■ **Recorded data**
______________________________

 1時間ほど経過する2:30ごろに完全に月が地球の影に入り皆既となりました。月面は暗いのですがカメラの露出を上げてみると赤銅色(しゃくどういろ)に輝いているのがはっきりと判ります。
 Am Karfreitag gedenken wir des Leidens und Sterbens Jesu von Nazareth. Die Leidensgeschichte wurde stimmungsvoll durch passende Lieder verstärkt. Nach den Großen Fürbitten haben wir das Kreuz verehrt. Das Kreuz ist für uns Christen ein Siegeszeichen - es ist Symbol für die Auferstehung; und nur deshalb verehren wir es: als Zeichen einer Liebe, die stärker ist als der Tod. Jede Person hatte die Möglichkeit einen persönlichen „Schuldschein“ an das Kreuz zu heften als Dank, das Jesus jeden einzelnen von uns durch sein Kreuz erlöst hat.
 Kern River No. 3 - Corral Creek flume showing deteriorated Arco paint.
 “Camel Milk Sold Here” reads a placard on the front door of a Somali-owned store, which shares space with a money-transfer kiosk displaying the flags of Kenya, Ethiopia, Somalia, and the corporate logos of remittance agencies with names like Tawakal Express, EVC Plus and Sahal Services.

______________________________

Reproduce the data in its entirety. Keep every character unchanged.

 1時間ほど経過する2:30ごろに完全に月が地球の影に入り皆既となりました。月面は暗いのですがカメラの露出を上げてみると赤銅色(しゃくどういろ)に輝いているのがはっきりと判ります。
 Am Karfreitag gedenken wir des Leidens und Sterbens Jesu von Nazareth. Die Leidensgeschichte wurde stimmungsvoll durch passende Lieder verstärkt. Nach den Großen Fürbitten haben wir das Kreuz verehrt. Das Kreuz ist für uns Christen ein Siegeszeichen - es ist Symbol für die Auferstehung; und nur deshalb verehren wir es: als Zeichen einer Liebe, die stärker ist als der Tod. Jede Person hatte die Möglichkeit einen persönlichen „Schuldschein“ an das Kreuz zu heften als Dank, das Jesus jeden einzelnen von uns durch sein Kreuz erlöst hat.
 Kern River No. 3 - Corral Creek flume showing deteriorated Arco paint.
 “Camel Milk Sold Here” reads a placard on the front door of a Somali-owned store, which shares space with a money-transfer kiosk displaying the flags of Kenya, Ethiopia, Somalia, and the corporate logos of remittance agencies with names like Tawakal Express, EVC Plus and Sahal Services.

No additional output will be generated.